Everything in the listing that follows should be reproduced exactly except the pictures.

■ **COLLECTED MATERIAL**
++++++

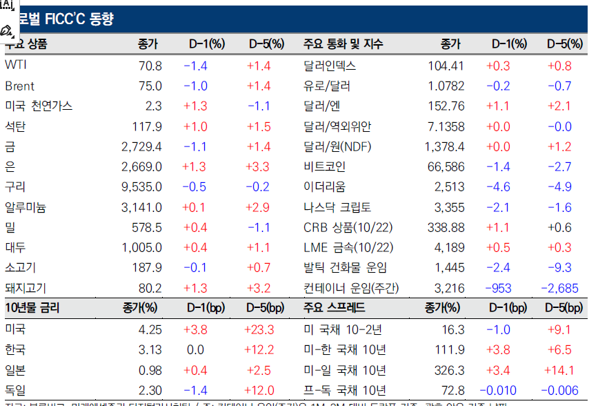 미 국채금리는 2Y 4.08%(+4.5bp), 10Y 4.25%(+3.8bp)로 트럼프 트레이드의 영향 지속. 20 년물 국채 입찰에서 수요가 부진했던 점 또한 금리를 자극.다만 9 월 주택지표 부진으로 상방을 제한되는 모습. 달러 인덱스(DXY)는 104.42로 상승했으며, 이는 미국의 강력한 채권 수익률과 연관되어 있음. 주요 통화와의 교환 비율에서 미 달러는 특히 엔 대비 강세를 보였음. 유가는 WTI 기준 -1.4% 하락한 $70.8 로 예상치를 상회한 원유재고 증가량을 반영하며 3 거래일만의 하락전환
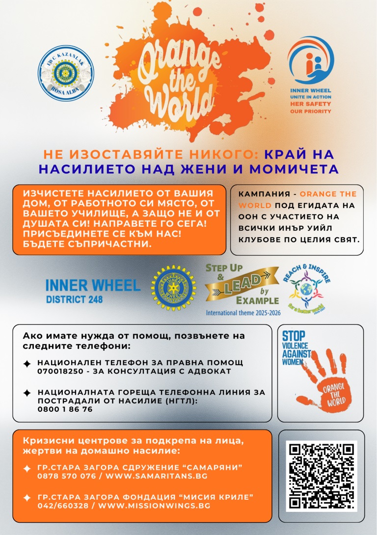 Инър Уийл клуб „Казанлък Роза Алба“ става част от международната кампания на ООН – Оранжевата инициатива, която се провежда ежегодно и обединява милиони хора по света в призив за прекратяване на насилието над жени и момичета. През 2025 година, с подкрепата на OOН, нашата кампания има свое лого и слоган- Inner Wheel UNiTE in Action Her Safety Our Priority / Интернешънъл Инър Уийл и ООН обединени в действие - нейната безопастнос е наш приоритет/
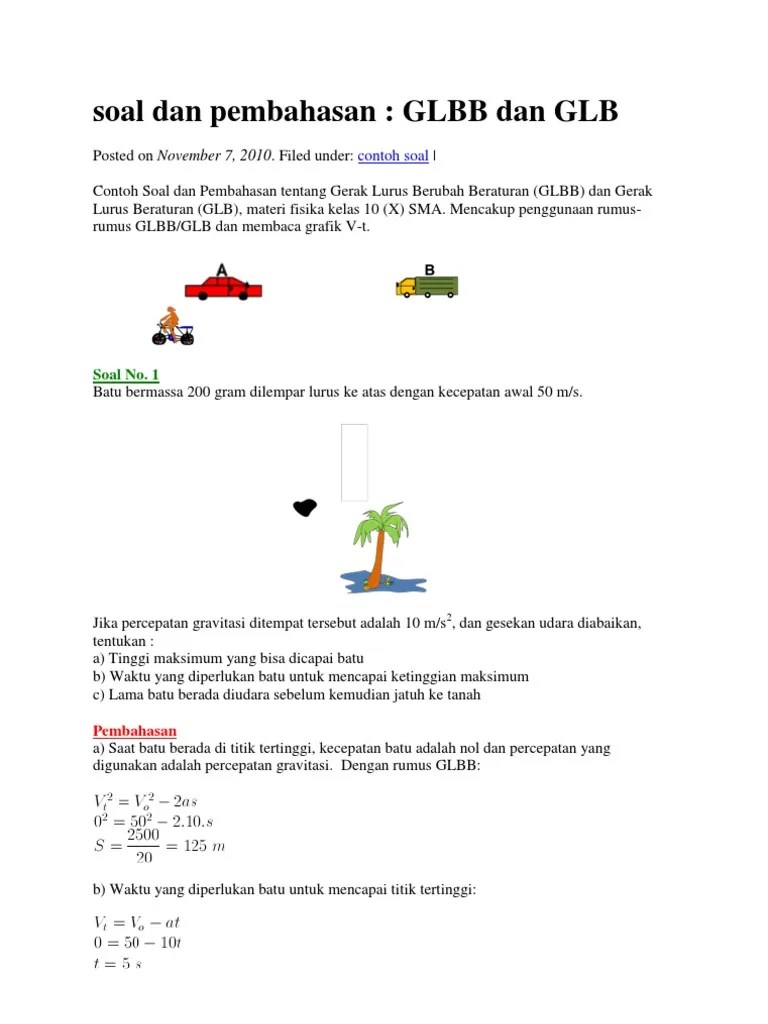 Apakah kamu sedang mencari pembahasan mengenai teori gerak lurus beraturan? Berikut kami sajikan beberapa contoh soal glbb . Di sini, kami memiliki uraian lengkap tentang pembahasan tersebut. Kunci dan pembahasan soal ini bisa dilihat di www.zenius.net dengan memasukkan kode 5179 ke menu search. Artikel ini membahas materi gerak lurus beraturan pelajaran fisika sma kelas 10. Gerak lurus berubah beraturan adalah suatu gerak di lintasan lurus dengan percepatan konstan. Gerak vertikal ke atas dan gerak jatuh bebas, materi fisika kelas 10 (x) sma. Copyright 2016 zenius education k13 revisi antiremed . Mobil melakukan gerak lurus beraturaran kemudian gerak lurus berubah beraturan. Artikel ini membahas materi gerak lurus beraturan, pelajaran fisika sma kelas 10. Materi gerak lurus berubah beraturan atau glbb masuk dalam pelajaran fisika. Sebelum memahami apa itu gerak lurus beraturan, sebaiknya kamu memahami . Rangkuman materi kinematika gerak kelas 10.

++++++

■ **RESULT FOR THIS EXERCISE**
 미 국채금리는 2Y 4.08%(+4.5bp), 10Y 4.25%(+3.8bp)로 트럼프 트레이드의 영향 지속. 20 년물 국채 입찰에서 수요가 부진했던 점 또한 금리를 자극.다만 9 월 주택지표 부진으로 상방을 제한되는 모습. 달러 인덱스(DXY)는 104.42로 상승했으며, 이는 미국의 강력한 채권 수익률과 연관되어 있음. 주요 통화와의 교환 비율에서 미 달러는 특히 엔 대비 강세를 보였음. 유가는 WTI 기준 -1.4% 하락한 $70.8 로 예상치를 상회한 원유재고 증가량을 반영하며 3 거래일만의 하락전환
 Инър Уийл клуб „Казанлък Роза Алба“ става част от международната кампания на ООН – Оранжевата инициатива, която се провежда ежегодно и обединява милиони хора по света в призив за прекратяване на насилието над жени и момичета. През 2025 година, с подкрепата на OOН, нашата кампания има свое лого и слоган- Inner Wheel UNiTE in Action Her Safety Our Priority / Интернешънъл Инър Уийл и ООН обединени в действие - нейната безопастнос е наш приоритет/
 Apakah kamu sedang mencari pembahasan mengenai teori gerak lurus beraturan? Berikut kami sajikan beberapa contoh soal glbb . Di sini, kami memiliki uraian lengkap tentang pembahasan tersebut. Kunci dan pembahasan soal ini bisa dilihat di www.zenius.net dengan memasukkan kode 5179 ke menu search. Artikel ini membahas materi gerak lurus beraturan pelajaran fisika sma kelas 10. Gerak lurus berubah beraturan adalah suatu gerak di lintasan lurus dengan percepatan konstan. Gerak vertikal ke atas dan gerak jatuh bebas, materi fisika kelas 10 (x) sma. Copyright 2016 zenius education k13 revisi antiremed . Mobil melakukan gerak lurus beraturaran kemudian gerak lurus berubah beraturan. Artikel ini membahas materi gerak lurus beraturan, pelajaran fisika sma kelas 10. Materi gerak lurus berubah beraturan atau glbb masuk dalam pelajaran fisika. Sebelum memahami apa itu gerak lurus beraturan, sebaiknya kamu memahami . Rangkuman materi kinematika gerak kelas 10.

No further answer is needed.